The predictive algorithm will be developed using an n-gram model with a word frequency lookup similar to that performed in the exploratory data analysis section of this report. A strategy will be built based on the knowledge gathered during the exploratory analysis.
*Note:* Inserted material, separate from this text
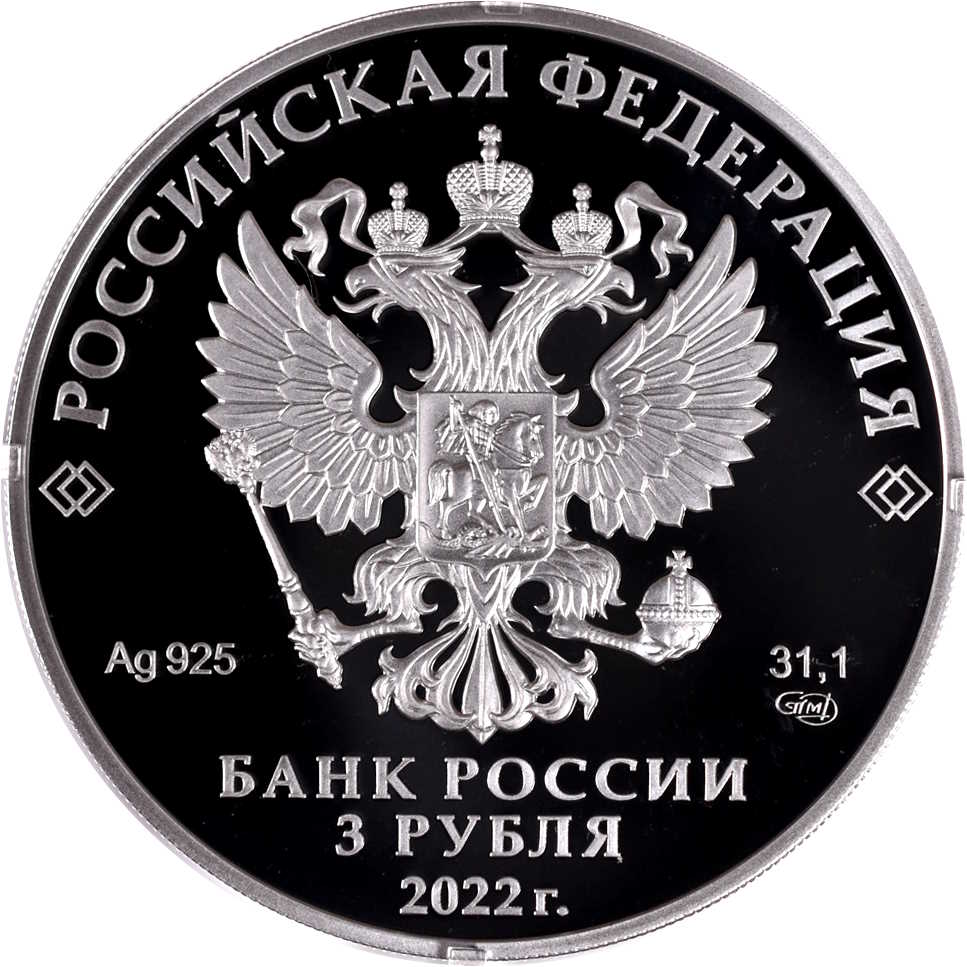 Опис: На аверсі монети зображено рельєфне зображення Державного герба Російської Федерації та написи: «РОССИЙСКАЯ ФЕДЕРАЦИЯ» (РОСІЙСЬКА ФЕДЕРАЦІЯ), «БАНК РОССИИ» (БАНК РОСІЇ), номінал монети: «3 РУБЛЯ», рік випуску «2022 г.», хімічний символ металу за періодичною таблицею Менделєєва, пробу, знак Санкт-Петербурзького монетного двору та вміст дорогоцінного металу.

For example, as n increased for each n-gram, the frequency decreased for each of its terms. So one possible strategy may be to construct the model to first look for the unigram that would follow from the entered text. Once a full term is entered followed by a space, find the most common bigram model and so on.

Another possible strategy may be to predict the next word using the trigram model. If no matching trigram can be found, then the algorithm would check the bigram model. If still not found, use the unigram model.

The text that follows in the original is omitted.